Work order: Set down every record below exactly as it stands, with the pictures omitted.

Exercise data:
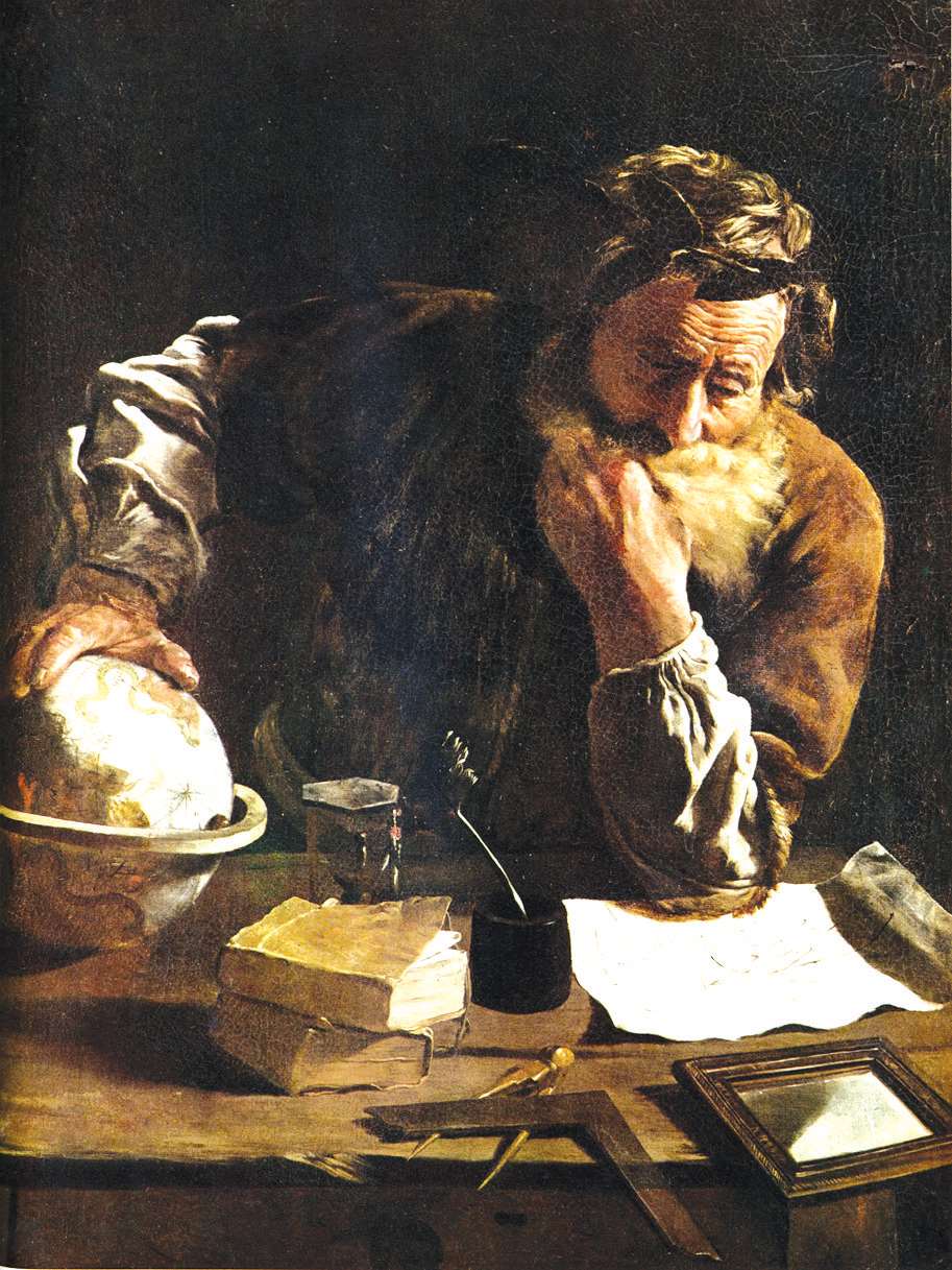 阿基米德生于西西里岛上的叙拉古,曾在亚历山大学过数学、天文学等知识,以善于发明精巧的机械闻名于世,如投石炮,在击退罗马人对叙拉古的围攻中立下大功。然而,比起那些实际发明,他更醉心于纯科学的研究,据说罹难之际还在研究深奥的数学问题。
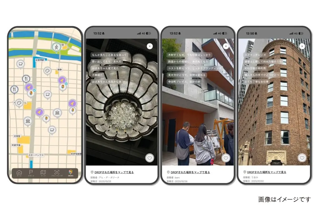 東京建築祭と、みんまちDROP(投稿付きデジタルマップ)のコラボレーションにより、みんなの建築体験を肌で感じる新たな場が生まれます。見たこと、気づいたこと、心が動いた瞬間を、写真とコメントで地図上にドロップ(投稿)。集まった体験が重なり合い、それぞれのまちの魅力が映し出されます。建築に込められた視点や背景に触れる参加建築のホスト(所有者や関係者)によるドロップもお楽しみに。
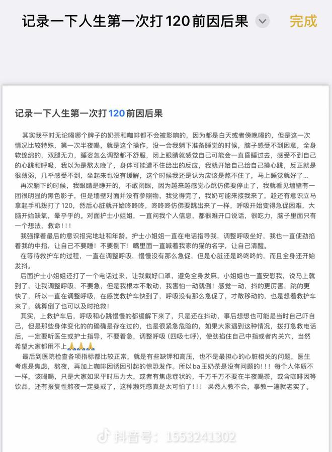 这名网友在评论区进一步解释称,自己平时喝奶茶和咖啡没有问题,但这次在半夜首次喝后,出现身体不适,包括全身无力、心跳微弱、呼吸困难等。之后在躺下时感觉心跳要停止,看到黑色影子,意识到情况危急,于是拨打120。
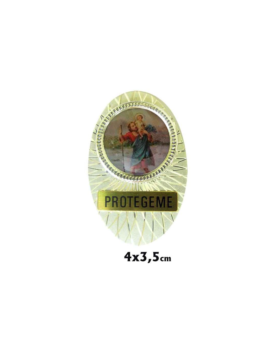 Placa Coche Oval Niquelada Con Foto Redonda 16Mm Y Protegeme Fin
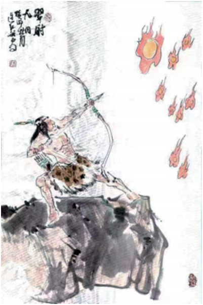 相传,在上古尧帝时代,天上有十个太阳一同出来,灼热的阳光炙烤着大地,长时间烈日当空,干旱无雨,庄稼晒焦了,花草树木在枯焦中死去,老百姓吃的食物越来越少,鬼怪巨兽开始在大地上肆虐横行,人们在死亡的边缘上苦苦挣扎着。帝尧视察灾情后,看到人民遭到了如此空前的灾难 ,心如刀割,连忙跪地向天神祈祷。天帝知道人间遭受的灾难后,便派大羿去为民除害。这大羿有一身过硬的功夫不说,还是一个神射手,箭法超群,百发百中。这一次能否拯救天下,全靠他的神射手段。

Written solution:
 阿基米德生于西西里岛上的叙拉古,曾在亚历山大学过数学、天文学等知识,以善于发明精巧的机械闻名于世,如投石炮,在击退罗马人对叙拉古的围攻中立下大功。然而,比起那些实际发明,他更醉心于纯科学的研究,据说罹难之际还在研究深奥的数学问题。
 東京建築祭と、みんまちDROP(投稿付きデジタルマップ)のコラボレーションにより、みんなの建築体験を肌で感じる新たな場が生まれます。見たこと、気づいたこと、心が動いた瞬間を、写真とコメントで地図上にドロップ(投稿)。集まった体験が重なり合い、それぞれのまちの魅力が映し出されます。建築に込められた視点や背景に触れる参加建築のホスト(所有者や関係者)によるドロップもお楽しみに。
 这名网友在评论区进一步解释称,自己平时喝奶茶和咖啡没有问题,但这次在半夜首次喝后,出现身体不适,包括全身无力、心跳微弱、呼吸困难等。之后在躺下时感觉心跳要停止,看到黑色影子,意识到情况危急,于是拨打120。
 Placa Coche Oval Niquelada Con Foto Redonda 16Mm Y Protegeme Fin
 相传,在上古尧帝时代,天上有十个太阳一同出来,灼热的阳光炙烤着大地,长时间烈日当空,干旱无雨,庄稼晒焦了,花草树木在枯焦中死去,老百姓吃的食物越来越少,鬼怪巨兽开始在大地上肆虐横行,人们在死亡的边缘上苦苦挣扎着。帝尧视察灾情后,看到人民遭到了如此空前的灾难 ,心如刀割,连忙跪地向天神祈祷。天帝知道人间遭受的灾难后,便派大羿去为民除害。这大羿有一身过硬的功夫不说,还是一个神射手,箭法超群,百发百中。这一次能否拯救天下,全靠他的神射手段。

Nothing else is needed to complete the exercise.